Ticket History #9127: Behavior of API krb5_get

Subject:	Behavior of API krb5_get_credentials vary
To:	"krb5-bugs@mit.edu" <krb5-bugs@mit.edu>
From:	"Dipen Patel" <Dipen.Patel@ibm.com>
CC:	"Samir Sayyed" <ssayyed@us.ibm.com>
Date:	Fri, 7 Jun 2024 06:28:06 +0000

Download (untitled) / with headers
text/plain 1KiB

Download (untitled) / with headers
text/html 5KiB

On Windows 11,If credential guard is on and Kerberos credential cache is stored in MSLSA then behavior of API krb5_get_credentials vary

Scenario1: credential guard value as below

result of powershell command

PS C:\Users\DipenPatel> (Get-CimInstance -ClassName Win32_DeviceGuard -Namespace root\Microsoft\Windows\DeviceGuard).SecurityServicesRunning
1
2
PS C:\Users\DipenPatel>

For this scenario API krb5_get_credentials with kerberos credential cache returns '0' as expected.

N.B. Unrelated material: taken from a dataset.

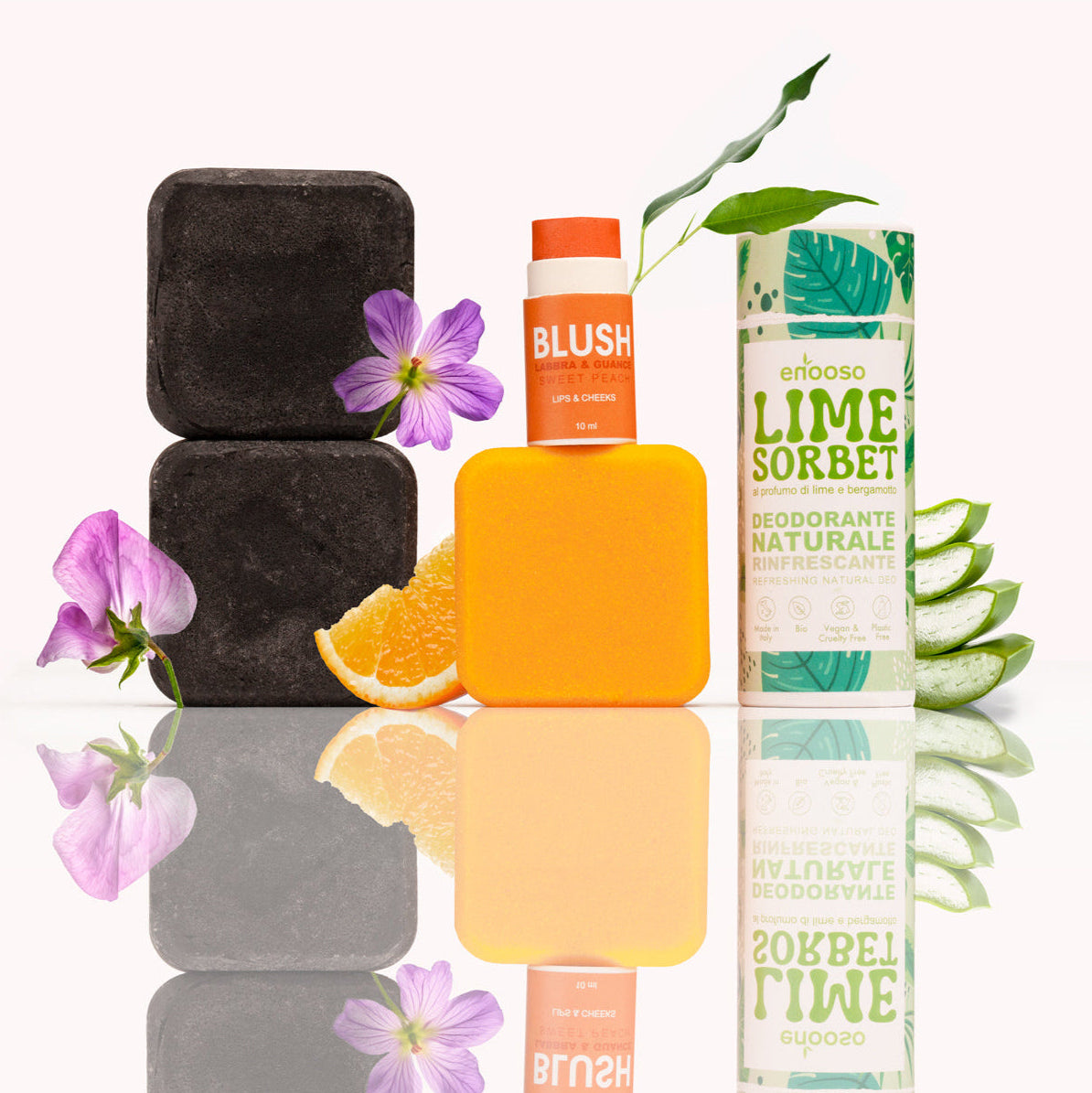 Abbiamo creato Enooso per offrire un’alternativa ai cosmetici liquidi pieni di plastica e compromessi. Ogni nostro prodotto è solido, vegano e plastic-free: pratico da usare, delicato sulla pelle e gentile con il pianeta.

Scenario2: credential guard value as below

result of powershell command

PS C:\Users\DipenPatel> (Get-CimInstance -ClassName Win32_DeviceGuard -Namespace root\Microsoft\Windows\DeviceGuard).SecurityServicesRunning
1
PS C:\Users\DipenPatel>

For this scenario API krb5_get_credentials with kerberos credential cache returns '1'. with error 'KRB5_CC_NOTFOUND'

NOTE:- Windows document link to Verify if Credential Guard is enabled as below.

"https://learn.microsoft.com/en-us/windows/security/identity-protection/credential-guard/configure?tabs=reg"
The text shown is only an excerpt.